# Pops brine recipe for Pork Belly



## aj neutzling (Sep 24, 2020)

Gonna try my first attempt at Bacon and am looking for a good brine. I am wondering if someone could send me Pops brine recipe or any others that you might have had luck with. 

Than you in advance...


----------



## foamheart (Sep 24, 2020)

If you still have questions and don't we all I would suggest you read either:

Bearcarvers Tutorial
http://www.smokingmeatforums.com/t/108099/bacon-extra-smoky

Craigs Tutorial (Pops Brine)
http://www.smokingmeatforums.com/t/124885/bacon-made-the-easy-way

These guys are ahead of the curve on makin bacon.

*Rub cure (Bearcarver)*





						Smoked Bacon ( step by step with Qview )
					

I was going to put this in "Cold-Smoking", but my smoker temp got up over 100˚.  I checked on my Bacon supply a couple weeks ago.
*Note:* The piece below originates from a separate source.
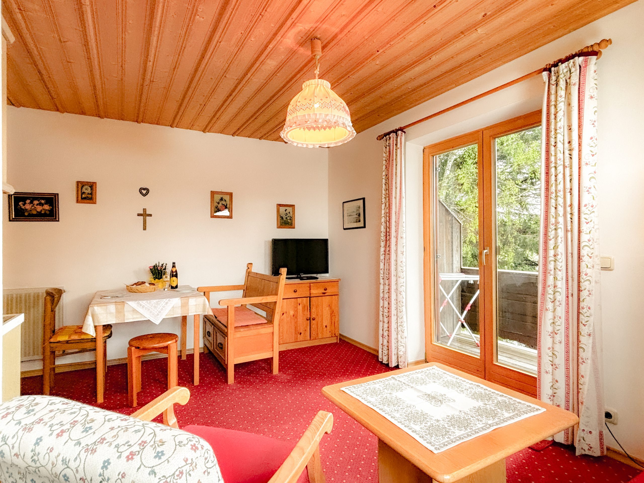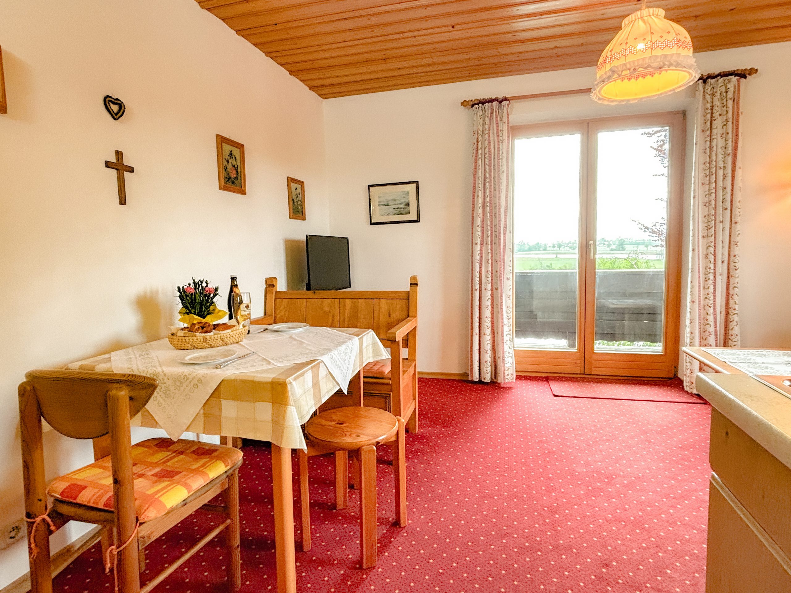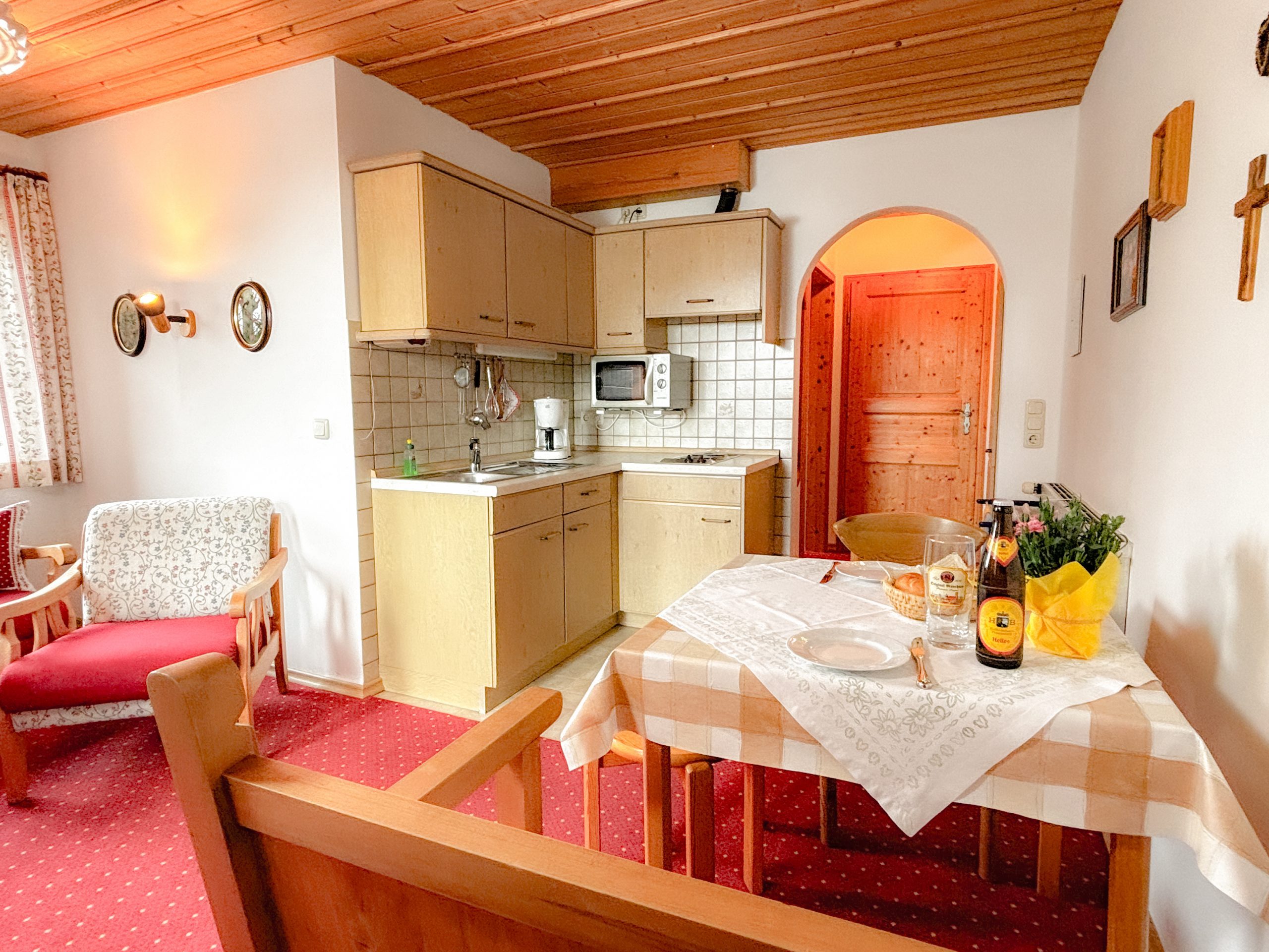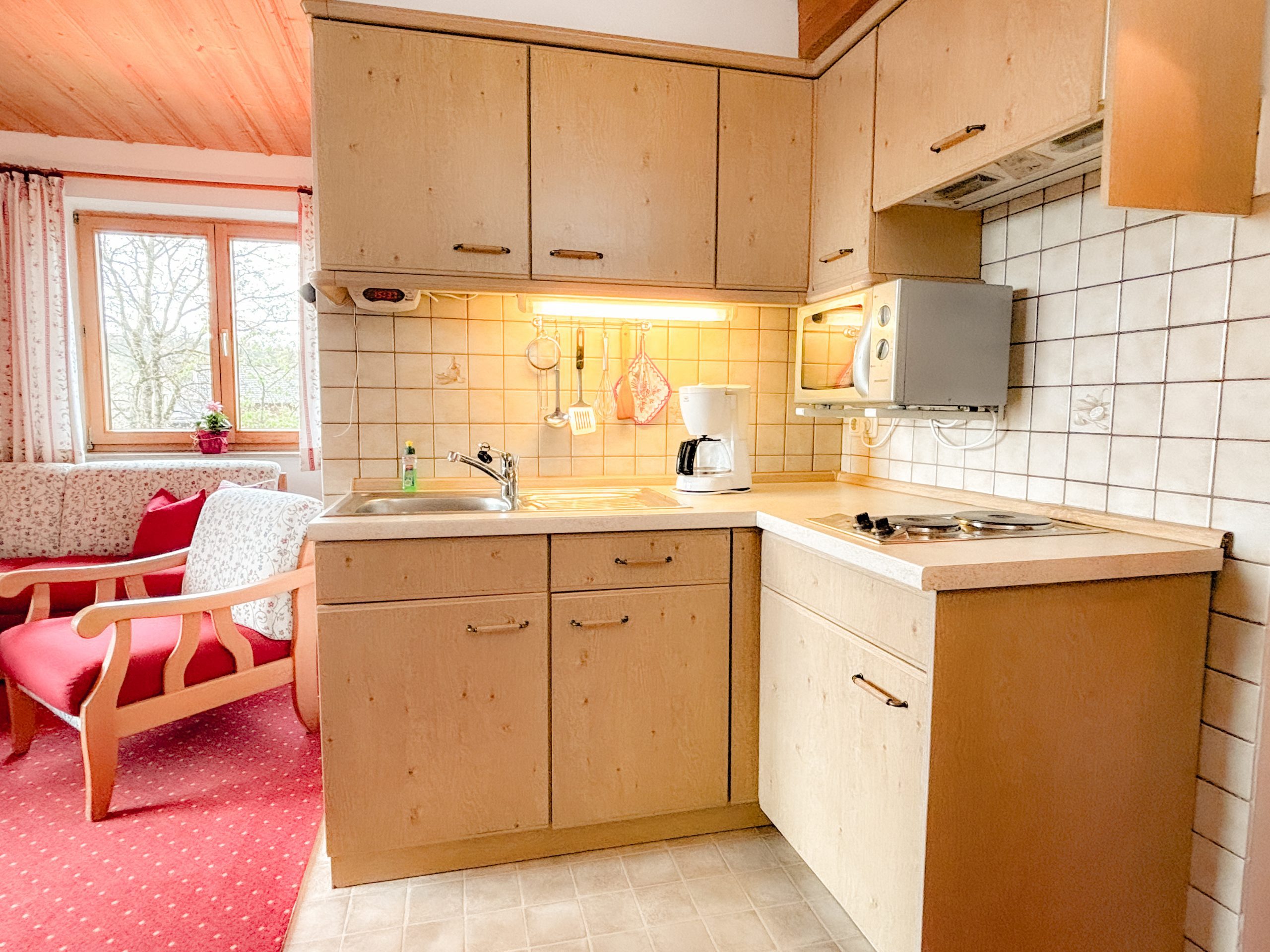 - Kleine voll ausgestattete Küchenzeile in der Wohnküche mit Wasserkocher, Kaffeemaschine, Toaster, zwei Kochplatten, Mikrowelle und Kühlschrank mit Gefrierfach. Daneben befindet sich der Esstisch und eine Couchgarnitur mit Couchsessel und SAT-TV

It looked like I had quite a bit left, but I decided not to take a chance of running out of Bacon before Tomato season ends. Got a fresh belly from one of my...




					www.smokingmeatforums.com


----------



## SmokinAl (Sep 24, 2020)

http://www.smokingmeatforums.com/a/pops6927s-curing-brines-regular-and-lo-salt
[h1]Pops6927's Curing Brines - Regular and Lo-Salt[/h1]






If your using cure #1 then go with Pops
If your using TQ then go with Bear.
Hope this helps!
Al


----------



## kilo charlie (Sep 24, 2020)

I've had a thousand successes with Pops Brine... I weigh my ingredients on a gram scale and keep on making delicious things.


----------



## kilo charlie (Sep 24, 2020)

I've had a thousand successes with Pops Brine... I weigh my ingredients on a gram scale and keep on making delicious things.


----------



## JC in GB (Sep 24, 2020)

I use a strict PPM method for my bacon and brine curing.  I call it the 10% brine method.  This method uses 10% of the meat green weight as water.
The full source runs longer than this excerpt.